Answer: passion is supposed to refer itself to a psychic disposition, a movement of soul or feeling, while reason is allegedly a facculty of understanding. Definitions on the latter are though extremely weak even in philosophy, and little can be concluded from etymology: actually from latin ‘ratio’ = measure, part, from where the Spanish or French ‘ration’ or ‘ración’. The Greek equivalent, better defined, is ‘nous’ a human facculty going beyond understanding and seeming to be the transformation of instinctive intuition into a spiritual perception. The difficulty of the Roman to understand this notion allows thinking a transformation leaning more on ‘divisions of understanding’ than on intuition, as if the balance obtained through immediate apprehension could be transformed into figures.

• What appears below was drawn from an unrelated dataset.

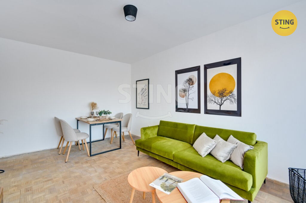 Byt se nachází v udržovaném stavu, což dává skvělou příležitost k případné  úpravě dle vlastních představ. Dispozice je velmi praktická – prostorná vstupní chodba s komorou, samostatná kuchyň, obývací pokoj se vstupem na balkon, ložnice (tyto pokoje jsou orientovány do zeleně za domem), koupelna se sprchovým koutem a oddělené WC.

To give an example: a Greek would measure the part of food through the immediate need of the person, which may depend on his hunger or on the difficulty of his task. A Roman would give to each the same portion, independently of other factors. The difficulty of the Greek notion is that it has to apprehend the subjective wanting as possibly misleading: to claim for something does not necessarily mean that you need it, and to put a frein to claims of the kind ‘but he has more than me’ seems far too difficult to the Roman, so that he solves the Alexandrian knot with a simple sword cut.

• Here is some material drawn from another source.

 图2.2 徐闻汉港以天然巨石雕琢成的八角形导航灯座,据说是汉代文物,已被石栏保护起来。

In time (around the XVIth century), this ‘nous’ would become the ‘faculty of judgement’ in philosophy, while ‘reason’ will become some kind of ‘absolute referential’ which may be ideal (Kant) or subjective, and than associable to what is called common reason (Rousseau).
In any case, reason as possible means to control passion (Plato), which is often attached to the irrational, absurd, disordered, has largely been favoured all over history in philosophical currents, while reality does seem to give largest spaces of expression to … passion.